Nimio tratado sobre la noche

 


por Perro de Llama

Al salir de la taberna, no tenía otra cosa en qué pensar. “Esos pobres bichos se creen tocar el sol” pensó al ver a los quijotillos rondando las farolas.  Era un ocaso de lluvia ligera,  y el agua escurría del pavimento a los parches de pasto amarillo que aun crecían neciamente sobre la arenisca. Tras ver la desolada parada del autobús pensó en esperarlo, pero a sabiendas de que no llegaría, decidió seguir adelante; así que pasó sin saludar a los peatones que cada día desesperaban casi inmóviles.

 

Tras pasarlos sentía algún lazo roto. Y no era para menos, tantas otras veces prefirió esperar junto a ellos la llegada del autobús que aligerara su marcha, y siempre impaciente abandonaba su espera. Prefería caminar. La siguiente noche era lo mismo “¡Llegó tan pronto te fuiste, Marquitos! Caray contigo, eres tan impaciente”, “Seguro que llegamos a casa antes que tú” se burlaban. Le resultaba curioso que a pesar de haber platicado con ellos tantas otras veces, no haya sido hasta aquél hartazgo que se dió cuenta que nunca se cambiaban las ropas, por unas limpias, o unas distintas. Siempre traían las mismas. Quizá tampoco tenían casa alguna a la cual llegar.

 

Tampoco en aquella ruina los encontró.
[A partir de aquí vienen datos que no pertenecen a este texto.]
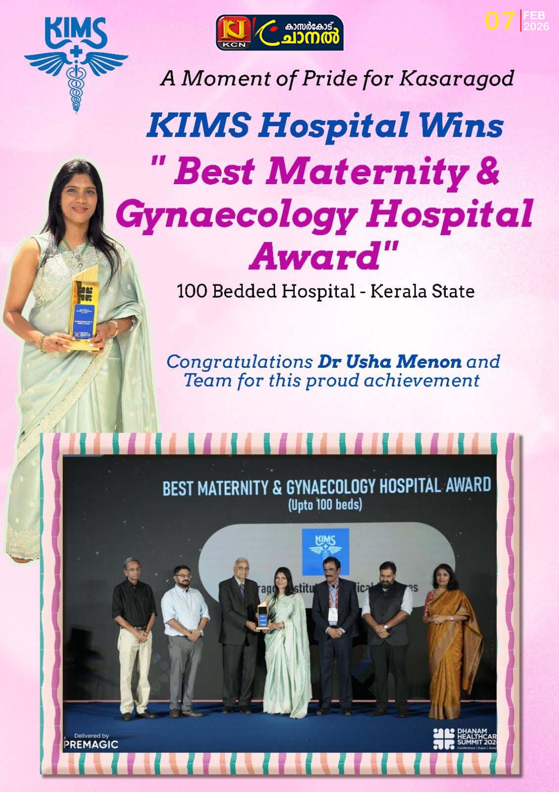 കാസര്കോടിന് ഒരു അഭിമാന നിമിഷം കിംസ് ആശുപത്രി മികച്ച പ്രസൂതി-ഗൈനക്കോളജി ആശുപത്രിക്കുള്ള അവാര്ഡ് നേടിBy kcnchannel / February 7, 2026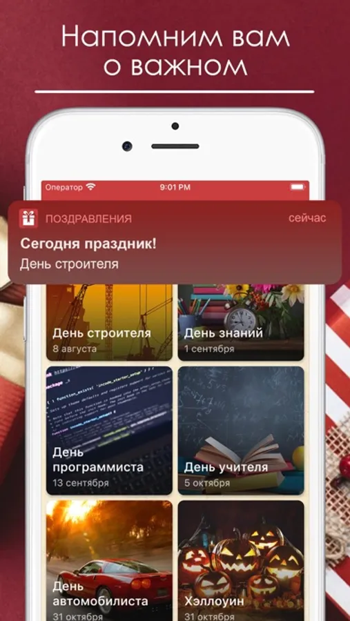 Не забудьте разрешить приложению отправку уведомлений, ведь тогда Вы не пропустите ни одни праздник! Уведомление приходит в праздничную дату в 10 часов утра.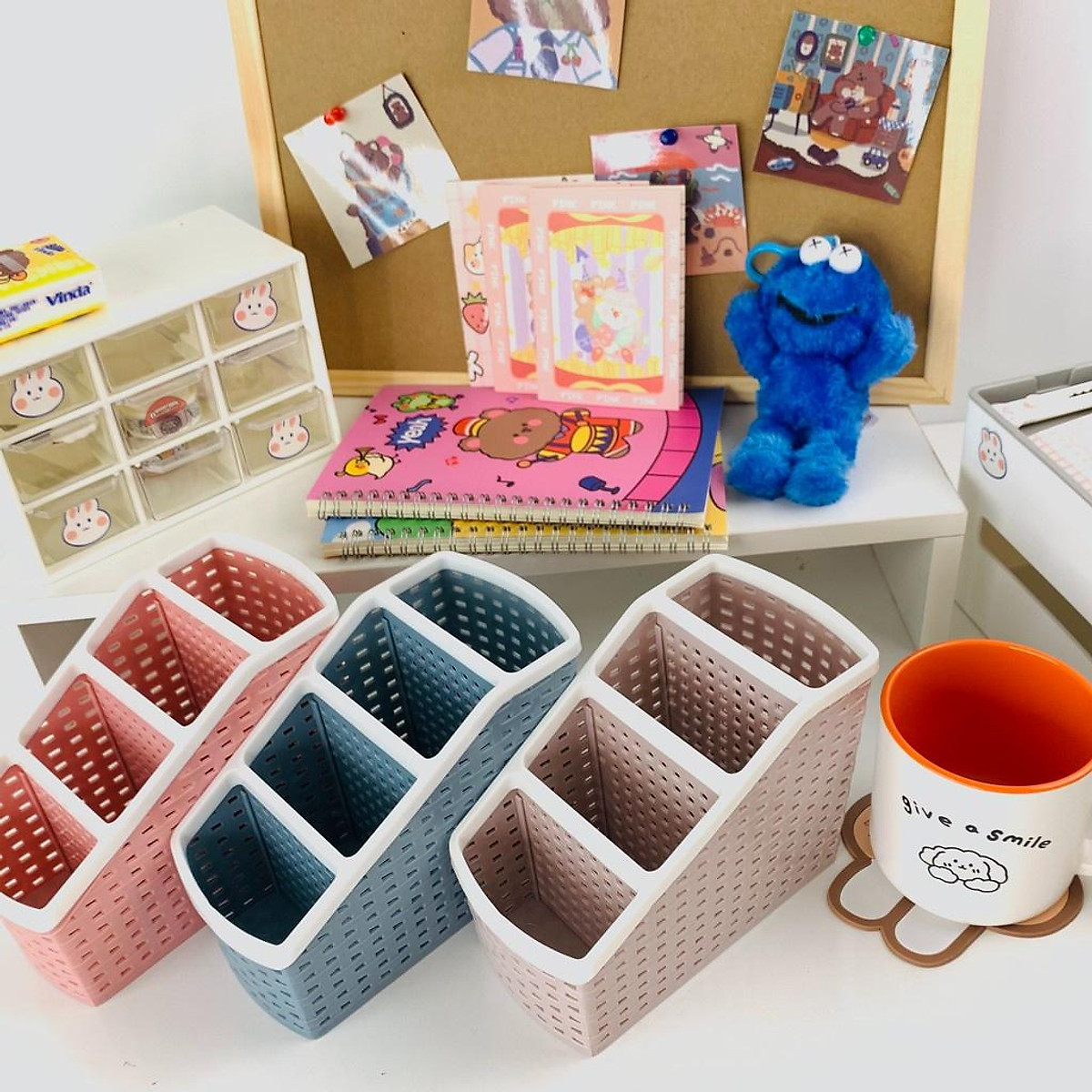 ✨Khay Cắm Bút, Đựng Mỹ Phẩm 4 Ngăn Tiện ích - Giao màu ngẫu nhiên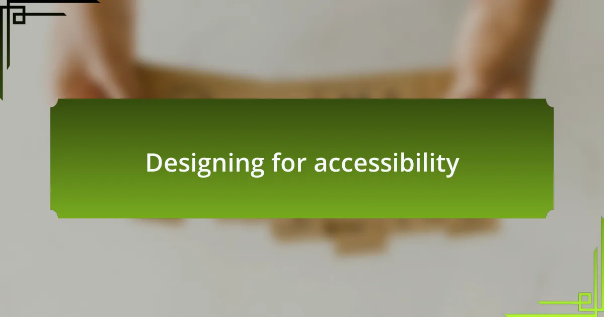 Designing for accessibility goes beyond mere aesthetics; it’s about truly connecting with people. I remember a time when I was working on a project for a nonprofit organization focused on supporting individuals with visual impairments. This experience opened my eyes to the importance of contrast. I learned that selecting a color palette with high contrast not only makes the text more readable for everyone but also ensures inclusivity. I often wonder, how many designs fail to reach their potential simply because of neglecting this crucial element?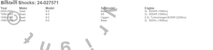 Below is an abreviated list of applications for the B6 Series HD Shock Absorber.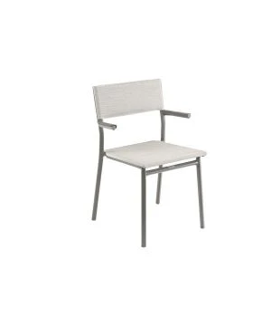 Les accoudoirs sont en alu et ultra-résistants avec une enveloppe en polymère moucheté et effet ondulé permettant au fauteuil d’être suspendu à la table pour faciliter le rangement ou l’entretien des sols.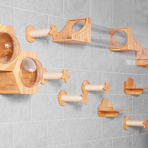 QJM Parete da Arrampicata per Gatti - Supporto per Gatti in Legno Impermeabile, Parete per Arrampicata in Vero Legno Giochi per Gatti Cuccia per Gatti da Parete - Accessori da Parete

Al buscar a sus amigos encontró nada más que polvo sobre polvo, y piedra sobre piedra, casi intactos como hace cientos de años, delante de él no había nada salvo lo que nos queda del Templo Mayor. Sabía que sus amigos no iban a estar ahí desde antes de la búsqueda, así que solo fue un jugueteo, sólo recorría los alrededores en búsqueda de algo que le quitara el tiempo. De encima. Retando al azar, buscando contacto visual a esas horas de la madrugada con algún desvelado. Ahora consideraba estos juegos absurdos, pero ¿cuándo se ha visto que consideración alguna remueva hábitos tan arraigados?

 

Siguió sus pasos hasta llegar a casa. Los Amigos habían dejado una nota en lugar de su presencia. Al entrar el calendario ya lo esperaba; con su crueldad habitual mostraba la fecha del día anterior. Haciendo gala de una infantil venganza arrancó tres hojas una a una para que transcurrieran tres días, o un ciento de años. Así ya era domingo.

 

Porque tabernas, peatones, piedras y días pasados; amigos, caminos y soledades, formaron aquél mar donde se naufraga pero no se nada. Cuando menos, por aquella larga noche.